A new framework for Wind Farm Layout Optimization (WindFLO) is developed to accelerate the design of wind farms. The framework provides a large set of analytical wake models and wake superposition schemes. It is able to take into account terrain elevation and the ambient wind velocity profile. The schemes in the WindFLO model were validated against experimental data from a wind tunnel to within 1% relative error. A turbine rotor diameter and height dependent cost model was also developed using data from 250 different wind turbines. A land usage model was also developed using the convex hull approach. The framework was used to optimize a wind farm layout for maximum annual energy production using real wind farm terrain and conditions.
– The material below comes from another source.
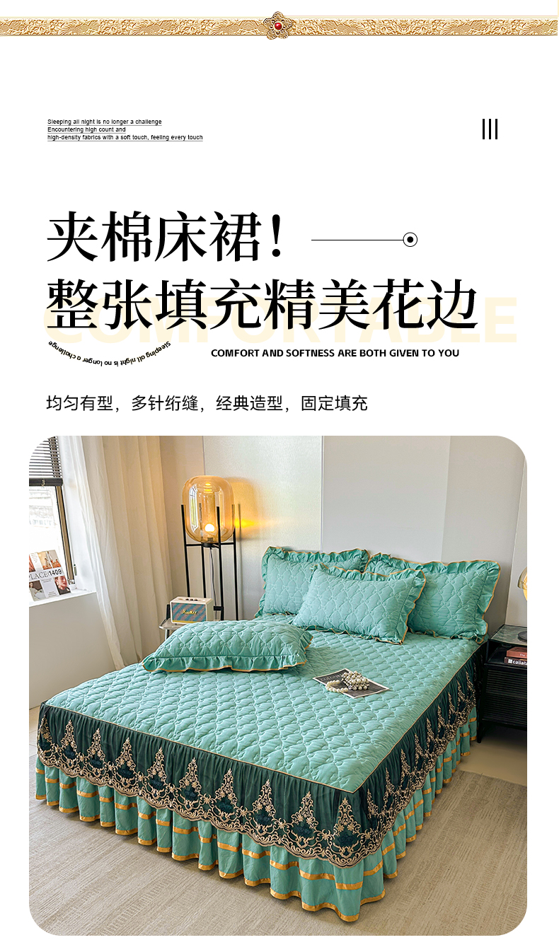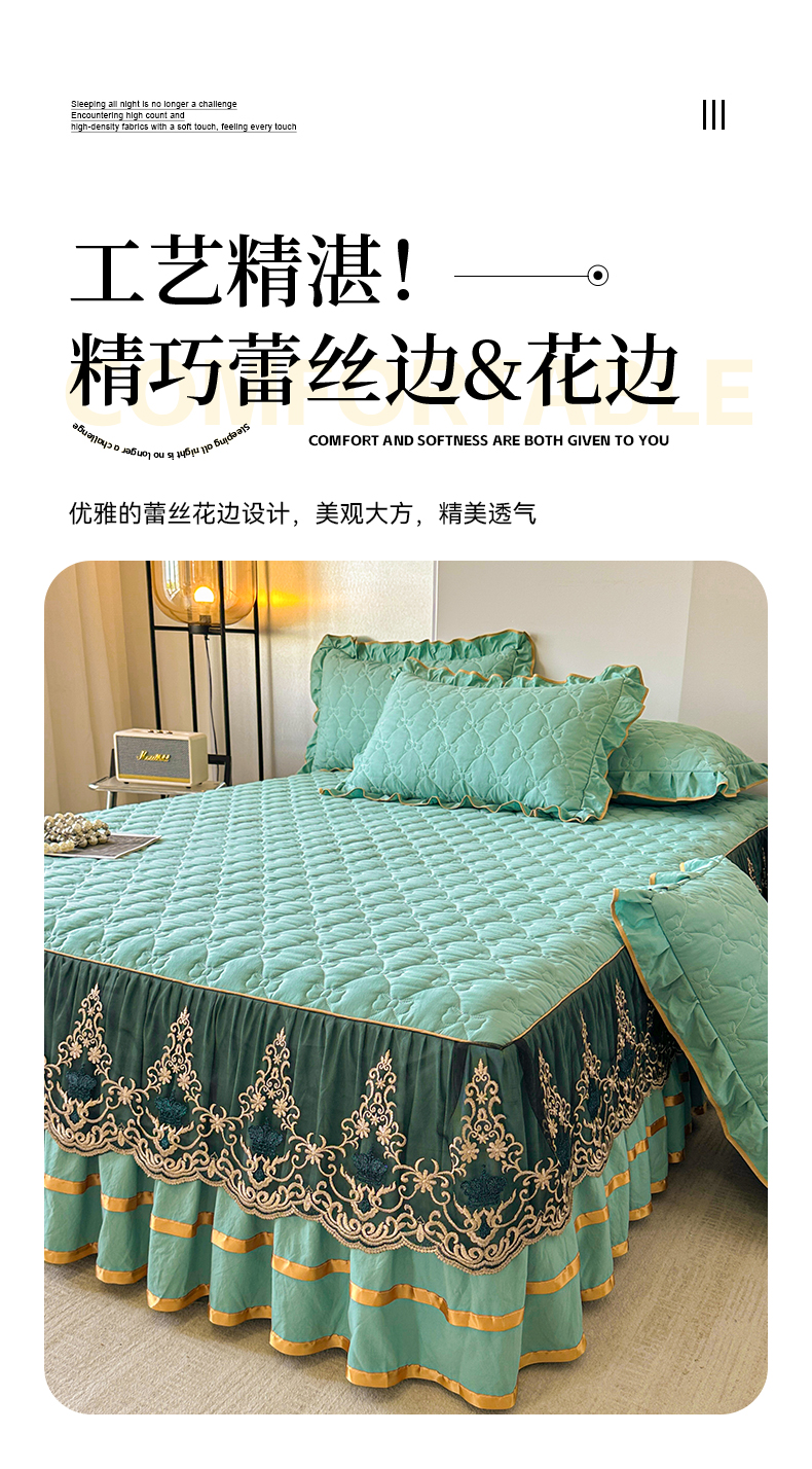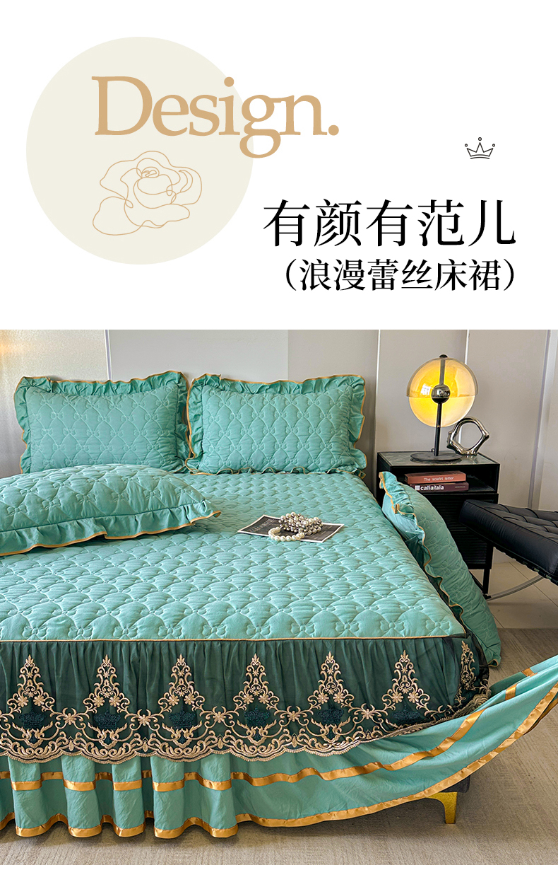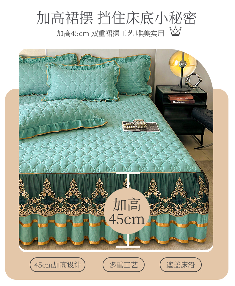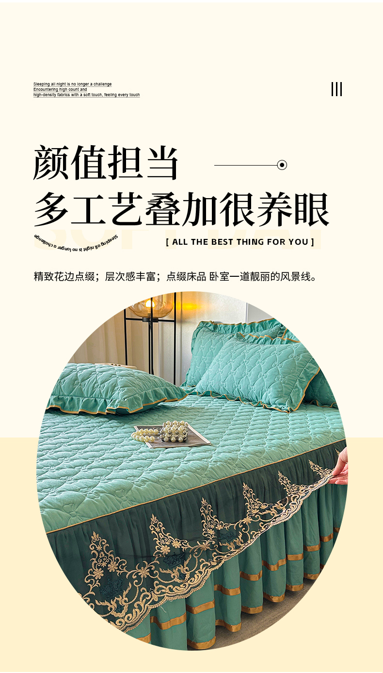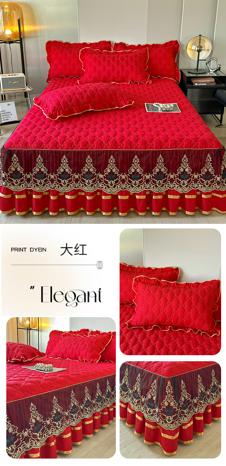 (总)屹成家纺2025新款水晶绒夹棉绗缝蕾丝床裙三件套(塞纳河畔)床裙单件起售价不低于105元,大红,豆沙,翡翠绿,粉玉,橄榄绿,蔚蓝,银灰
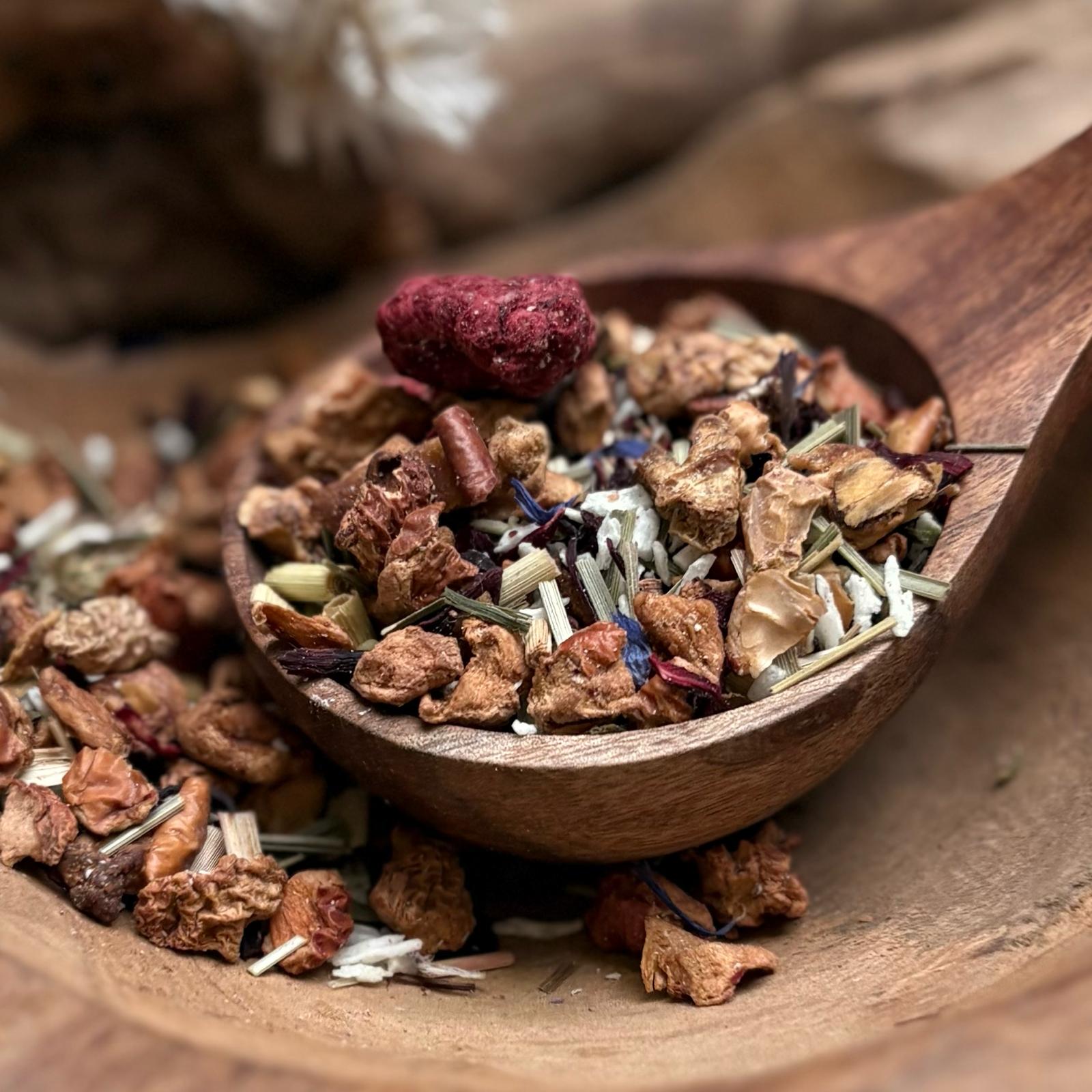 Un mélange lumineux, légèrement acidulé, qui donne l’impression d’ouvrir les fenêtres d’une pièce restée fermée trop longtemps. La framboise adoucit, le citron vert réveille, l’hibiscus apporte son rouge vivant… et tout s’équilibre dans une tasse qui remet du mouvement, du souffle, de l’envie.

The nonlinear optimization problem was solved using a robust Single-Objective Hybrid Optimizer. The wind farm layout and wind turbine (rotor diameter and tower height) were optimized and resulted in increased annual energy production, reduced cost and reduced land usage. The WindFLO framework is made publicly available to accelerate and advance the techniques for wind farm optimization.11WindFLO can be downloaded from https://github.com/sohailrreddy/WindFLO.

Suggested Citation

  • Reddy, Sohail R., 2020. "Wind Farm Layout Optimization (WindFLO) : An advanced framework for fast wind farm analysis and optimization," Applied Energy, Elsevier, vol. 269(C).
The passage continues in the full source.